[[ Provided data, beginning ]]

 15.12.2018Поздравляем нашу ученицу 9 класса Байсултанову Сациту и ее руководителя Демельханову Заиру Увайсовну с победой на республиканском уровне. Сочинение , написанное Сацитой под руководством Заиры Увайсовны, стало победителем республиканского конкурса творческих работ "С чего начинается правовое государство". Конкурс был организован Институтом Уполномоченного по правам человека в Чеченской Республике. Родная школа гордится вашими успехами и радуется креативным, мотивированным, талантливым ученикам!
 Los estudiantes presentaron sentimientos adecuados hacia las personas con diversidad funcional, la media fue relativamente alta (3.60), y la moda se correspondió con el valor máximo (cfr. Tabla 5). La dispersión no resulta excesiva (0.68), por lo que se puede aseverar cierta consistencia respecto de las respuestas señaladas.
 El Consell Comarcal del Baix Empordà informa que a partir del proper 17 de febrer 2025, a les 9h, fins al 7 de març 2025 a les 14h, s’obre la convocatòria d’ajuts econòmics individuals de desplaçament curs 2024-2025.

[[ Provided data, end ]]
[[ Provided data, beginning ]]

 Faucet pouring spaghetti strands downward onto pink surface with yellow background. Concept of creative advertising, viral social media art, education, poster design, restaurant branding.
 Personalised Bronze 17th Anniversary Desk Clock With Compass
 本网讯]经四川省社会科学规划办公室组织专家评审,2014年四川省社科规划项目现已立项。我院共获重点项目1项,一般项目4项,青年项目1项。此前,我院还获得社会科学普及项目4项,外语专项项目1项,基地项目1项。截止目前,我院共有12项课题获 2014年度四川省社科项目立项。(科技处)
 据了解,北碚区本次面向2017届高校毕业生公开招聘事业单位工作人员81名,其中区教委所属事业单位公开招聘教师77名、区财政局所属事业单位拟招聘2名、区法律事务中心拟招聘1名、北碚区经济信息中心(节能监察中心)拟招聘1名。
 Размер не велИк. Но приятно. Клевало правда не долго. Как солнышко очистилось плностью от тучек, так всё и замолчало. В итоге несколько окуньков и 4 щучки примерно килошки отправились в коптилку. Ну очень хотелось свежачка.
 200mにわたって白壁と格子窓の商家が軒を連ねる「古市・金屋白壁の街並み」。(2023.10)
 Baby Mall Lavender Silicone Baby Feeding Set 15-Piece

[[ Provided data, end ]]
[[ Provided data, beginning ]]

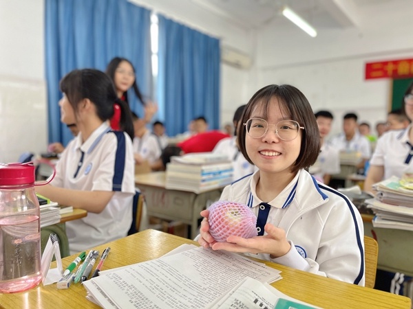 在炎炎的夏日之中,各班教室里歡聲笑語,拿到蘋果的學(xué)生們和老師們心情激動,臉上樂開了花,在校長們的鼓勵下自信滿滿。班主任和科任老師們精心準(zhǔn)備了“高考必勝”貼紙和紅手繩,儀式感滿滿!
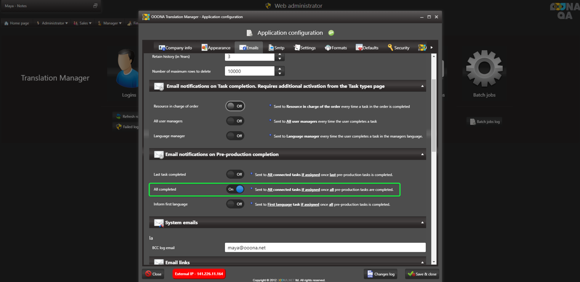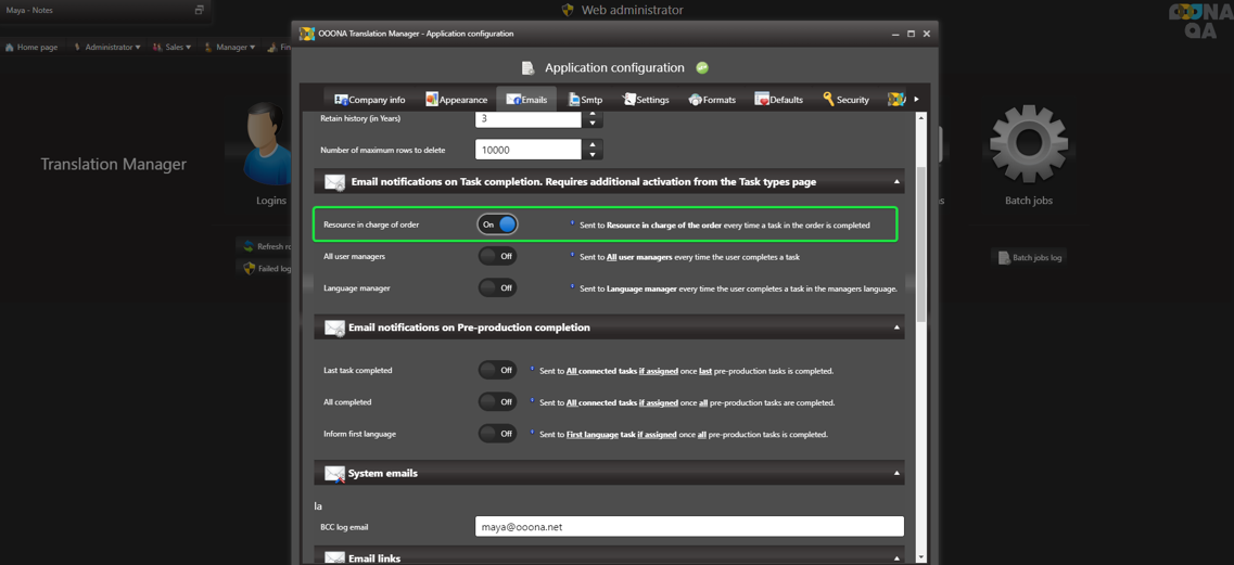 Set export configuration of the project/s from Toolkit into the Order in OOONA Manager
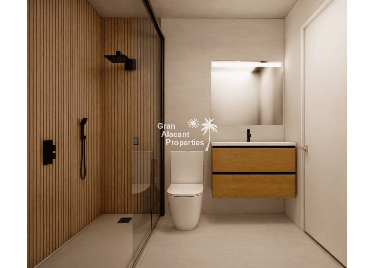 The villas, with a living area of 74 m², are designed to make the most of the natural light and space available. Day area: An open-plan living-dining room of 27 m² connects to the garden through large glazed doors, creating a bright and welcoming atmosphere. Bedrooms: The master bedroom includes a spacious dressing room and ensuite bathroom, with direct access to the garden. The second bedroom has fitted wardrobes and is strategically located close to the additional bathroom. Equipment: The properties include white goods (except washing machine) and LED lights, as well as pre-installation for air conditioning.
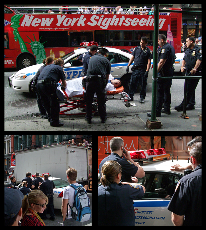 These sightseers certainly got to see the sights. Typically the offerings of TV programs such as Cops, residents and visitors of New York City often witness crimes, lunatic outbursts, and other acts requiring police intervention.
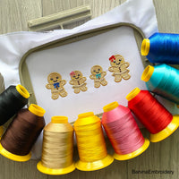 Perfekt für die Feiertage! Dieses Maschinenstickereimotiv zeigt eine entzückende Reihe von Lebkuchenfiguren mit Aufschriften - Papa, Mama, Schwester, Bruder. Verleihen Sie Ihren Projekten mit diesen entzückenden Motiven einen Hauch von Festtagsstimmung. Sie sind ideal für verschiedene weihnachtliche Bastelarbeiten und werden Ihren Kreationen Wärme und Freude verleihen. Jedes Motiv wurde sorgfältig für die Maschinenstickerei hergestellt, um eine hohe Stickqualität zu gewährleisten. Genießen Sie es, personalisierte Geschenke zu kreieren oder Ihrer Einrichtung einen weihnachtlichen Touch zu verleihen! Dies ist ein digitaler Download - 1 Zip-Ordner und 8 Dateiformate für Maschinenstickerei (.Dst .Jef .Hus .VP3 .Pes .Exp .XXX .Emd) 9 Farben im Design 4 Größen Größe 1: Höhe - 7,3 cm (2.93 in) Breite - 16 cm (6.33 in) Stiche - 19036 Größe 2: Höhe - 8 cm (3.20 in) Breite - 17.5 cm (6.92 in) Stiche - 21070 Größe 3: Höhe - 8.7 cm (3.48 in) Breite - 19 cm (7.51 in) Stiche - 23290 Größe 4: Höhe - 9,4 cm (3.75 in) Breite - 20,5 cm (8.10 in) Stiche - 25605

[[ Provided data, end ]]

__Your goal__
Copy whichever lines above contain the string "media".

__Reply to the exercise__
 Los estudiantes presentaron sentimientos adecuados hacia las personas con diversidad funcional, la media fue relativamente alta (3.60), y la moda se correspondió con el valor máximo (cfr. Tabla 5). La dispersión no resulta excesiva (0.68), por lo que se puede aseverar cierta consistencia respecto de las respuestas señaladas.
 Faucet pouring spaghetti strands downward onto pink surface with yellow background. Concept of creative advertising, viral social media art, education, poster design, restaurant branding.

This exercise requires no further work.